▸ What needs to be done: Would you copy out each line of the records below that includes the word "made"?

▸ Exercise input:
============

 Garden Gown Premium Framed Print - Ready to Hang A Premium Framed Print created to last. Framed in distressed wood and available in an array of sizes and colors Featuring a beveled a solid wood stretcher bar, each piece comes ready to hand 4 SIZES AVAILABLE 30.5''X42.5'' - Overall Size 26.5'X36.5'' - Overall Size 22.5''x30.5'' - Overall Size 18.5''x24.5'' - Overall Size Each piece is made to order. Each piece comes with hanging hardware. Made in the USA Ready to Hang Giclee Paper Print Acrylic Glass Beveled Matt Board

============

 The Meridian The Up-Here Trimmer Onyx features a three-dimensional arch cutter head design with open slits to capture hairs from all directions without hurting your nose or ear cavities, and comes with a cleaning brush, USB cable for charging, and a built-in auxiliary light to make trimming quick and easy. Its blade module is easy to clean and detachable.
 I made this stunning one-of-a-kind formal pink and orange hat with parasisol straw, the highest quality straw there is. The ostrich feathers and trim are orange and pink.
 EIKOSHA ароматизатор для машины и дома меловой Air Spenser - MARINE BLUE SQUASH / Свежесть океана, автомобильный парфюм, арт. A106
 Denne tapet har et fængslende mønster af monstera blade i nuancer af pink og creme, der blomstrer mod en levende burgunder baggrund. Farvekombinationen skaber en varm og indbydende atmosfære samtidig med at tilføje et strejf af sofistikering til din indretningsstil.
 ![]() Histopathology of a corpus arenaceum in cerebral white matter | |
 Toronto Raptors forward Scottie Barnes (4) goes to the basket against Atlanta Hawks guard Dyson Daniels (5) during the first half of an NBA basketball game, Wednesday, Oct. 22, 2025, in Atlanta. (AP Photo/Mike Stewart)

============

▸ Your solution:
 Garden Gown Premium Framed Print - Ready to Hang A Premium Framed Print created to last. Framed in distressed wood and available in an array of sizes and colors Featuring a beveled a solid wood stretcher bar, each piece comes ready to hand 4 SIZES AVAILABLE 30.5''X42.5'' - Overall Size 26.5'X36.5'' - Overall Size 22.5''x30.5'' - Overall Size 18.5''x24.5'' - Overall Size Each piece is made to order. Each piece comes with hanging hardware. Made in the USA Ready to Hang Giclee Paper Print Acrylic Glass Beveled Matt Board
 I made this stunning one-of-a-kind formal pink and orange hat with parasisol straw, the highest quality straw there is. The ostrich feathers and trim are orange and pink.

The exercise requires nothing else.